*Task requirements*:
Nothing should appear in the answer except the lines below from the line containing "左のフロントドライブシャフトのアウターブーツの破れは交換、" through the line containing "HOMELUX Einkaufstrolley, klappbar, stabil, 41", copied exactly, with pictures left out.

*Records to process*:
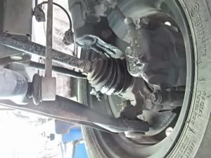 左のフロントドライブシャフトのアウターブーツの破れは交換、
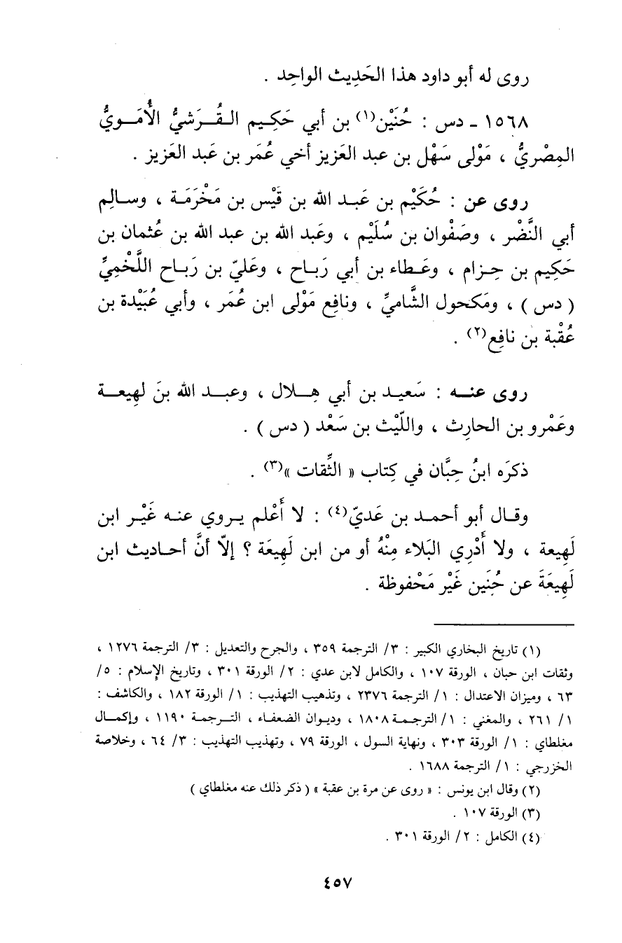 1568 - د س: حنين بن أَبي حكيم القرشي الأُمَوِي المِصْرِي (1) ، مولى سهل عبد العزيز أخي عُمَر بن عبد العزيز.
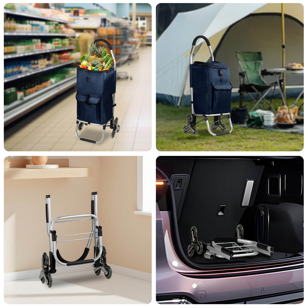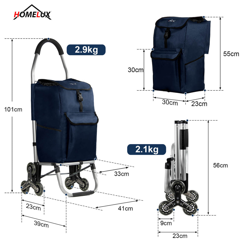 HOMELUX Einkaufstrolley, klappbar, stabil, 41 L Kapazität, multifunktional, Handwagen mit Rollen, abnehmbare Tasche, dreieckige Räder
...
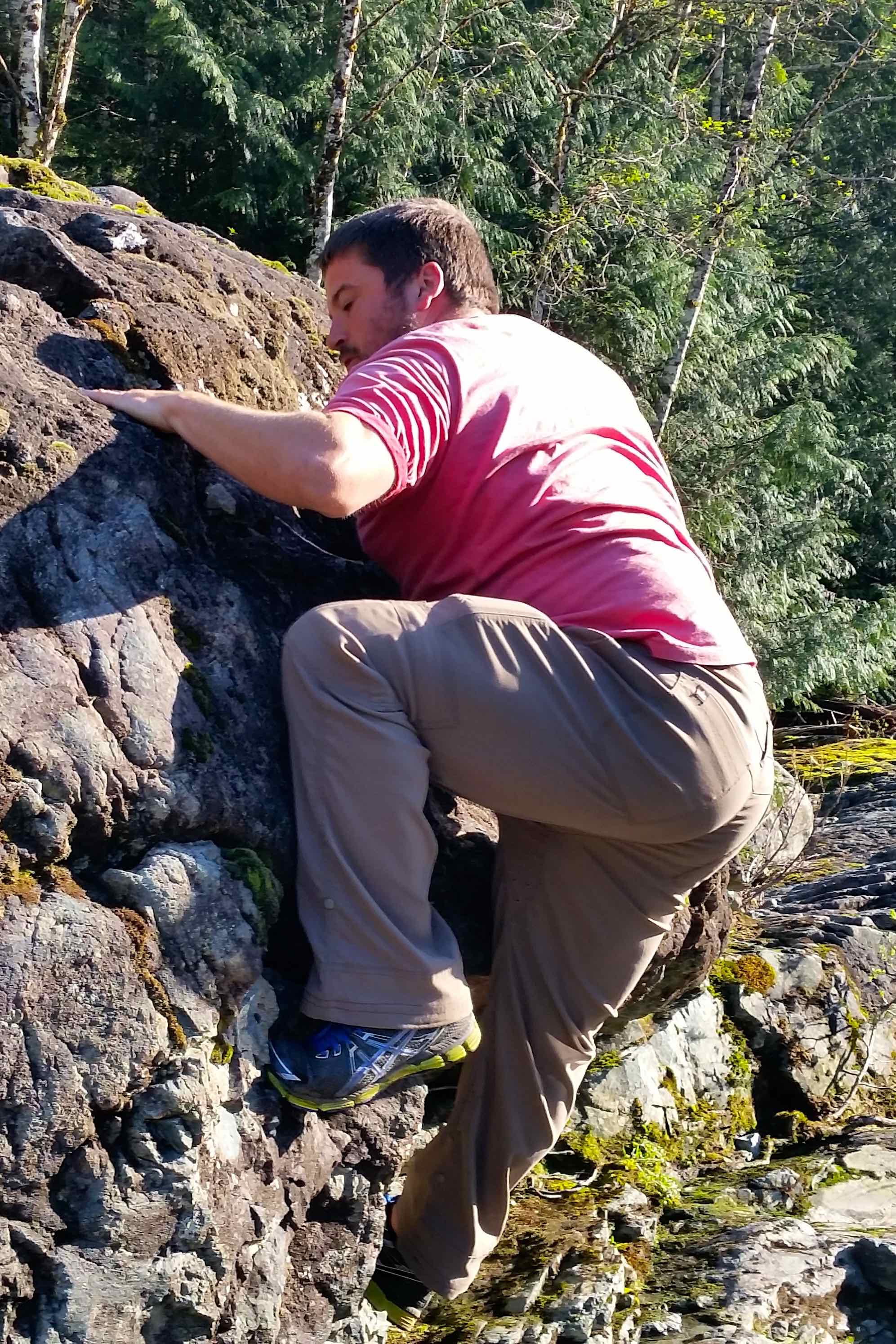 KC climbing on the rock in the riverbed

*Task result*:
 左のフロントドライブシャフトのアウターブーツの破れは交換、
 1568 - د س: حنين بن أَبي حكيم القرشي الأُمَوِي المِصْرِي (1) ، مولى سهل عبد العزيز أخي عُمَر بن عبد العزيز.
 HOMELUX Einkaufstrolley, klappbar, stabil, 41 L Kapazität, multifunktional, Handwagen mit Rollen, abnehmbare Tasche, dreieckige Räder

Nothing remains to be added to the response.